Every day, 10 people die from unintentional drowning, and of those, two will be children younger than 14.
“My dad always said swimming is probably the one sport that can actually save your life,” said Aaron.
Amanda Mitchell is the senior aquatics director for the YMCA of Greater Kansas City. She says in addition to learning how to swim, it’s important for parents to know the signs of a swimmer in distress.
“It can be the difference between jumping in and getting a kid safely to the side while they're active and alert or having a drowning incident,” Mitchell said.
Mitchell said the first sign is the position of the person’s head.
“An active person in distress at the pool, they're going to have their head back, so they're trying to keep their mouth to the highest point so they can keep air,” she said.
Their eyes will also be very wide and bright as they enter a state of panic, Mitchell pointed out.
“Their arms could be flailing but also a distressed swimmer may not be kicking to keep themselves up because they're in such a state of panic, they forget to kick their legs,”
And even though swimmers in movies or on television always yell for help, Mitchell said, in that state of panic, a person may not make any noise at all.
“It does not take long at all,” said Mitchell. “At about that 20 second mark, that's when someone in distress will be so fatigued that they'll start to slip under the surface.”
Mitchell recommends all young swimmers or anyone who is not comfortable in the water wear a Coast Guard-approved life jacket and try to stick with bodies of water that have a lifeguard present.
The YMCA of Greater Kansas City will also be handing out “Water Watcher” badges this summer to families.

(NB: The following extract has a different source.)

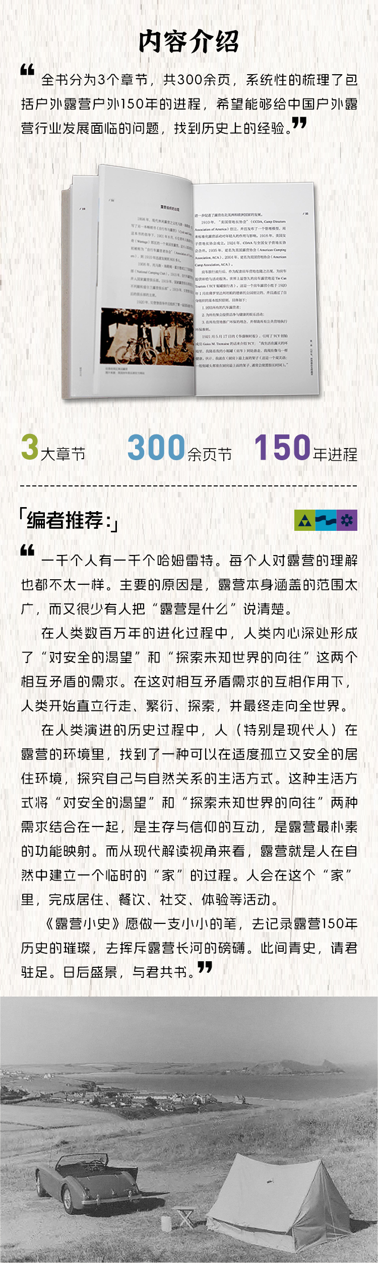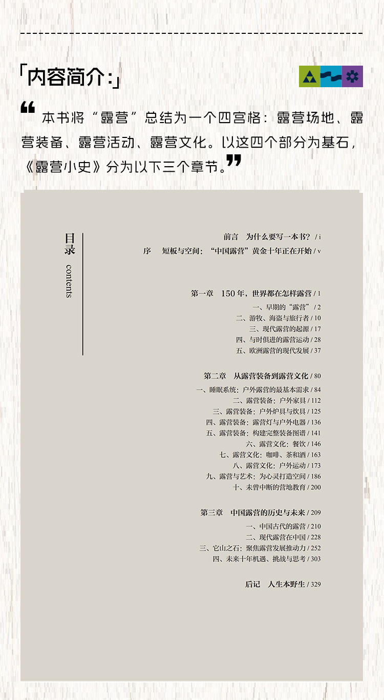《露营小史》 穿越人类户外千年变迁 梳理现代露营150年发展的历史 让全世界的经验 为当下中国户外露营的发展 给出更多方向
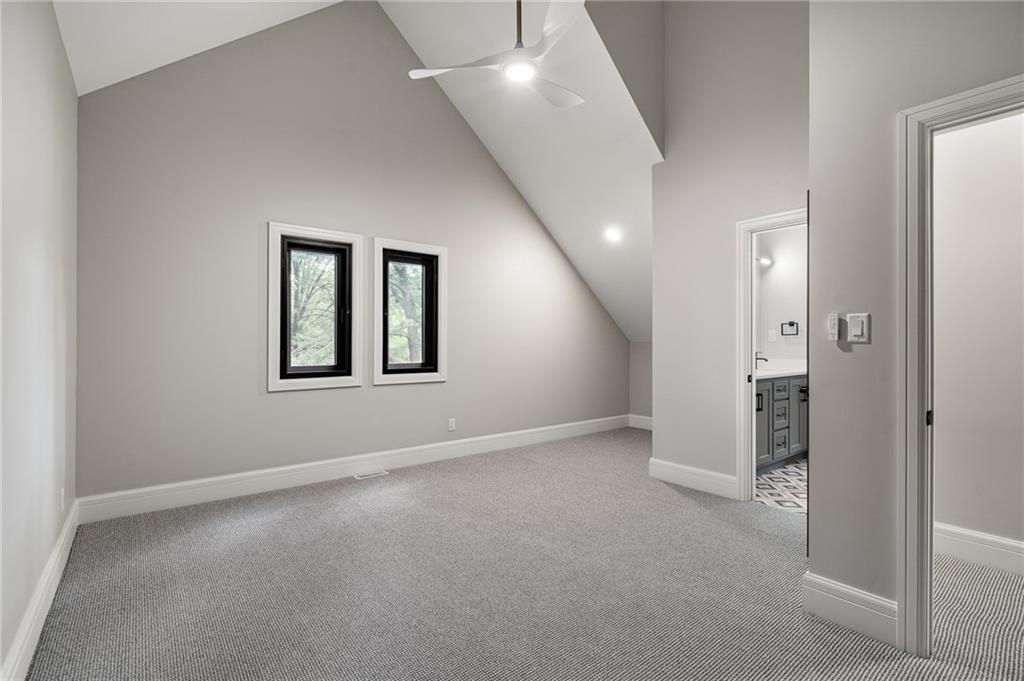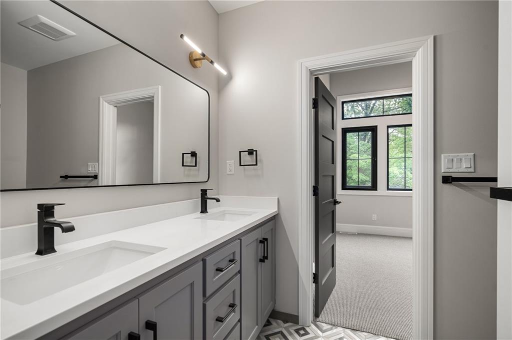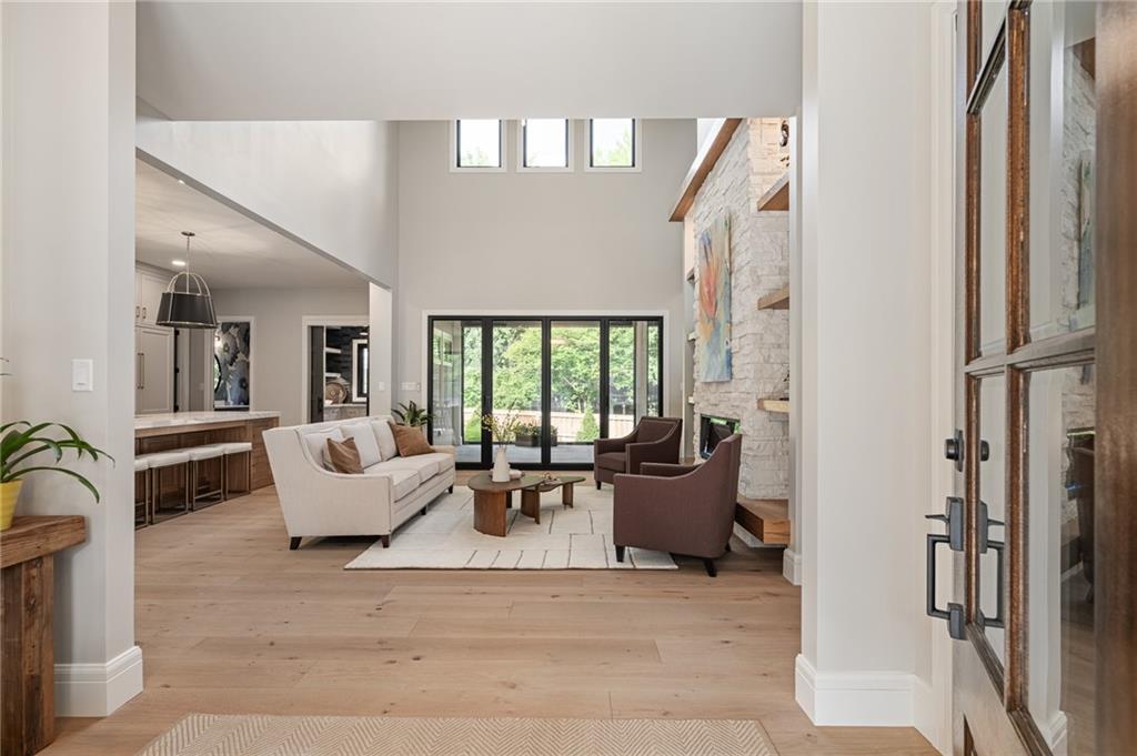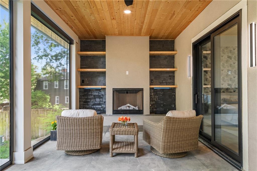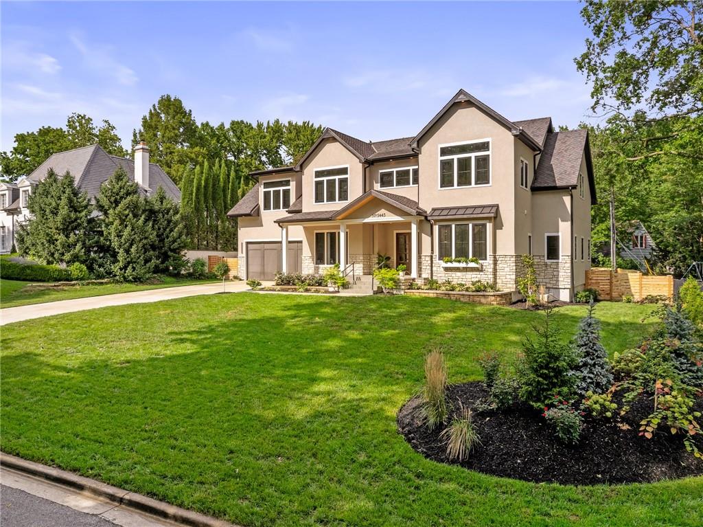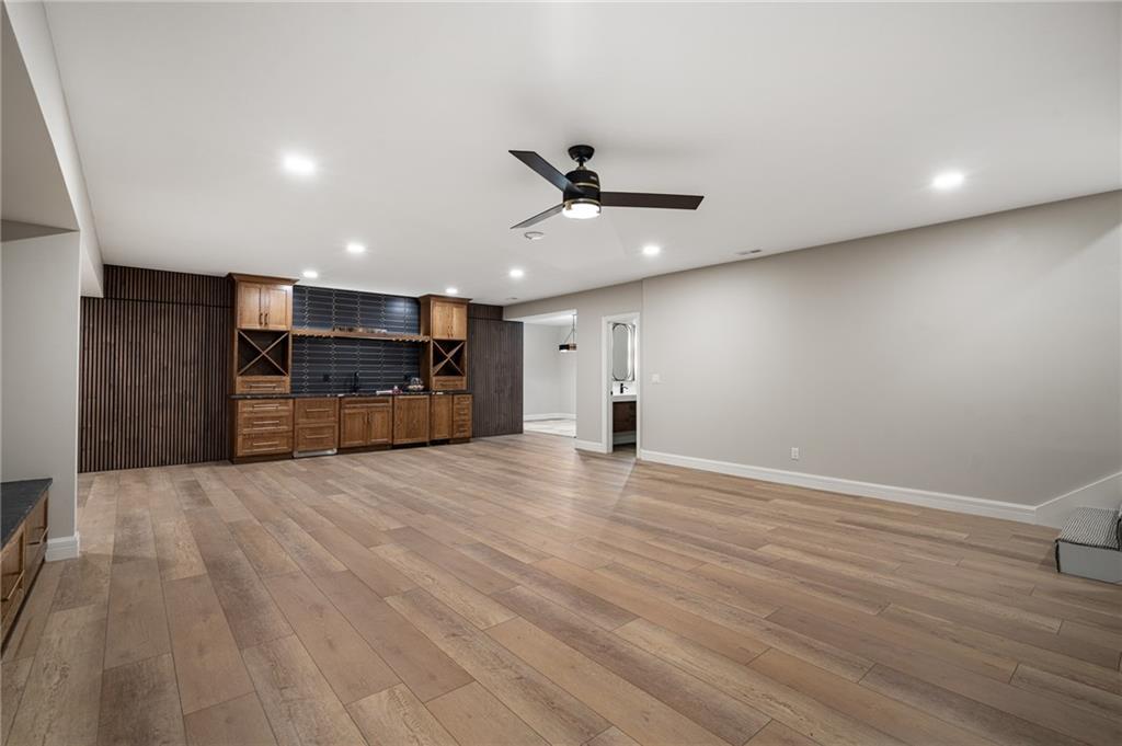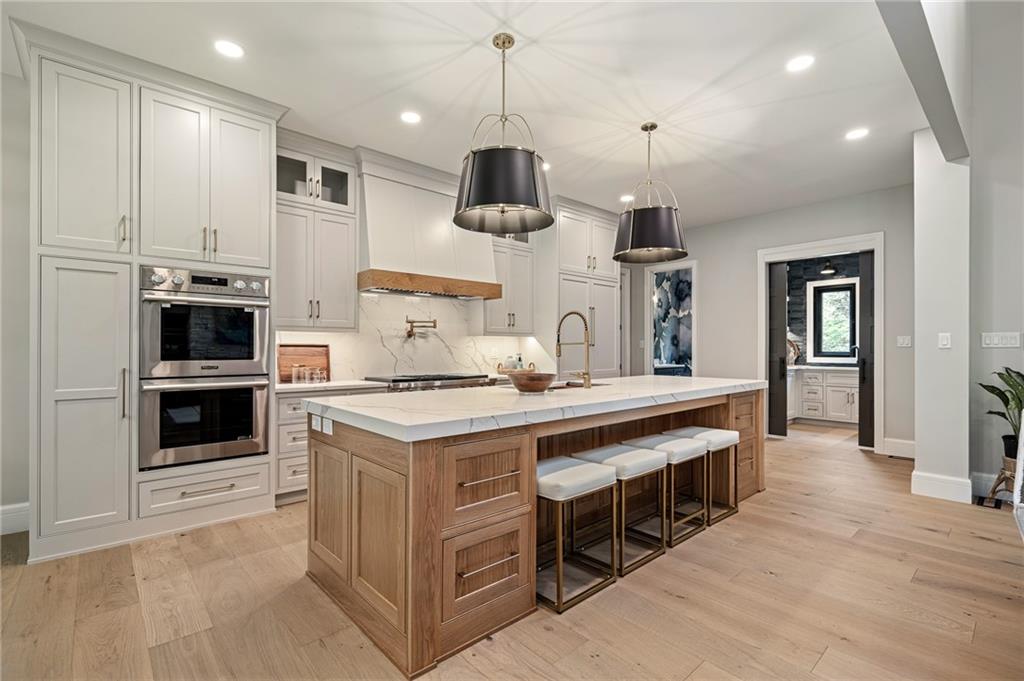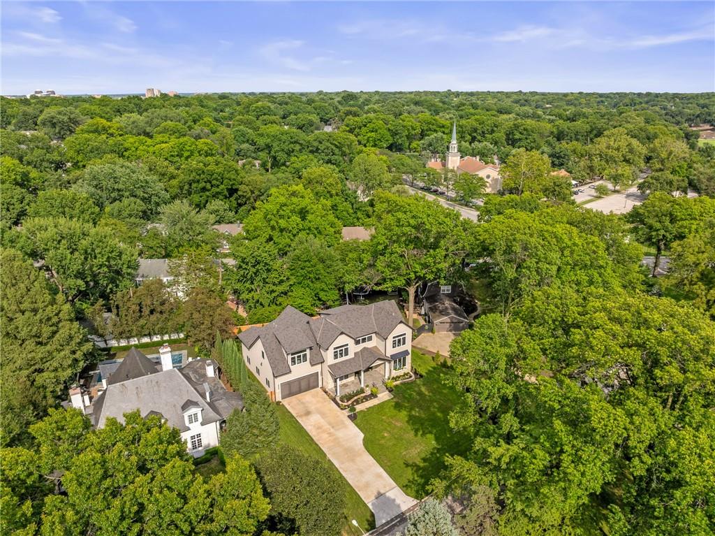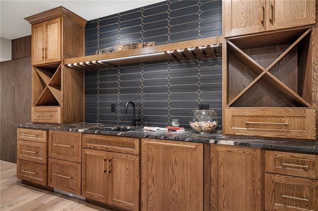 This 6-bed, 4 full plus 2 half bath, luxury home has exceptional quality and exclusive features. It seamlessly blends elegance, comfort, and intelligent design. From the stately front porch with self-watering planters, to the grand double door entrance, every detail reflects timeless sophistication. Inside, you will see the wide, open space with lofty ceilings, engineered white oak floors, and full glass, bifold, accordion doors that open to a covered lanai with a gas fireplace and twin waterfalls creating a seamless indoor-outdoor flow. Ceiling fans cool the warm days; lush landscaping is kept pristine by a full irrigation system. The magnificent Chefs kitchen has high quality, custom cabinetry, quartz counters, statement backsplash, hidden spice and utensil drawers, and a walk-in pantry with coffee bar and microwave. A stylish mudroom serves as a staging space for catered events. The kitchen flows into the dining area and vaulted living room, anchored by a dramatic stone, electric fireplace. A chic powder room adds guest comfort. The main level primary suite offers lanai access and a spa-like bath with jetted tub, walk-in shower, and dual quartz vanities—“hers” has custom storage for styling tools. Upstairs you are greeted by a spacious loft with a great view, three bedrooms, two baths, and a huge flex room that can be a home office, studio, or guest suite. You will fall in love with the whimsical and functional laundry room that gives a nod to Kansas City’s historic Nelly Don and the practicality of spacious storage, a convenient sink, and a huge island for laundry or crafts. The lower level is an entertainer’s dream! It is certainly a high-end mancave, wired for multiple TVs-no game left behind-plus wet bar, and two more bedrooms! It has a secret bonus room as well that can be a home theatre, golf simulator, or home gym. Thoughtfully designed and beautifully executed, this once-in-a-lifetime home delivers the ultimate in comfort, luxury, and lifestyle

It encourages one adult to hold the badge at all times when the family is at the pool or the lake. That person is the designated Water Watcher, meaning they don’t check their cell phone or socialize. Their only responsibility is to focus on everyone in the water. Mitchell said adults should only keep the badge for about 20 minutes before handing it off to someone else.
The bottom line is to know what’s going on with your children in the water.
“Be aware of what's around you and be respectful of the water,” said Virden.